Automating reports in R and version control with a shell script

Chip Oglesby bio photo By Chip Oglesby

Working as a data scientist at my job, I get to come up with interesting ways of trying to automate parts of my job that could be tedious. The majority of my work is done in R with Rstudio and I use version control with Github.

Until recently learning about Github Flow, I usually just make commits to my repos on the master branch (YIKES!). It seemed easy enough at the time, but when I started going back through to try to find an old version of something, I had a hard time finding it.

There are normally two main things that I push to my Github repo

  1. Commits that I make to my code for improvements and tweaking.
  2. Markdown based analysis reports that I knit together.

I put much more thought into the first set of commits than I do for reports. When I’m making improvements or changes to my R code, I’ll create a new working branch, commit changes, go to Github and painstakingly create a pull request for myself with the changes that I’m planning to make. It’s kind of like planning to be on a team, but I’m really just working by myself.

For the second set of commits for an analysis, I want to automate the heck out of those! Who wants to create a tedious pull request each week when running reports? Not me!

So here’s the process that I went through to create the shell script.

I started with an idea of how I wanted to each pull request for new reports to look. They would need to say something along the line of “Running reports for 05-21-16.”

That’s simple enough. I could set a variable like reportDate=$(date +%m-%d-%y-reports). It took me a while to figure out how to print the date the want I wanted in terminal. Not too hard, just figuring out what to ask Google.

I knew that I would want to to use the report date variable over again, which is why it’s set as reportDate. Now I can create a new branch to match with git branch $reportDate git checkout $reportDate.

I would then use rscript to automatically fetch the data and create the necessary reports for individuals, I’ll have more on this interesting process later. The script would then add and commit files with a specific message like: “Running weekly reports for $(date +%m-%d-%y)”, using the date feature again, then it pushes the commit to Github.
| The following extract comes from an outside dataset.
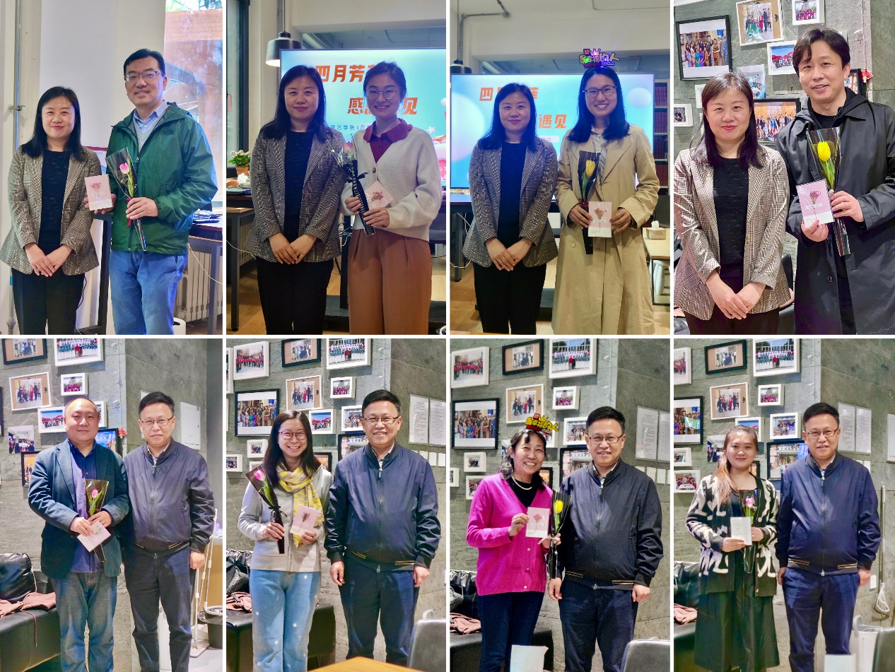 生日会在一片喜气祥和中热烈开场,过生日的老师现场抽取了生日祝福贺卡,党委书记秦思阳,院长韩冰为各位老师送上鲜花,宣读生日祝福。随后过生日的教师代表孙淑媛和裴昱分别发言,讲述自己与交大的故事,分享这份喜悦与感动。生日会简单热闹,场充满了欢声笑语,大家一边品尝美味蛋糕与咖啡,一边分享最近的经历与变化。一捧鲜花、一句祝福、一份感恩,让教师们感受到学院的关怀,感受到集体的温暖。

You can test this in your terminal by running echo Running weekly reports for $(date +%m-%d-%y)

The script then uses hub to automatically issue a pull request. The script will then checkout the master branch, merge the two branches with a message and push it back to Github, automatically closing the pull request. Finally I delete the local and remote branches from my system and remove unnecessary local files.

If I were working on a team I probably wouldn’t recommend this and for an individual, it’s probably overkill, but it helps me keep track of things in case I need to find old markdown files for someone.

My plans for next week are to build a system that uses Github hooks to automatically deploy these files and build a static reporting site with Jekyll. That removes one more step of the process and creates a site that will serve as a simple archive for these reports.

The shell script can also be set up on a cron job to run automatically, removing the need for me to intervene and if it’s running on the cloud, my local machine doesn’t have to be active for it to happen.

What are your thoughts? How could this be improved?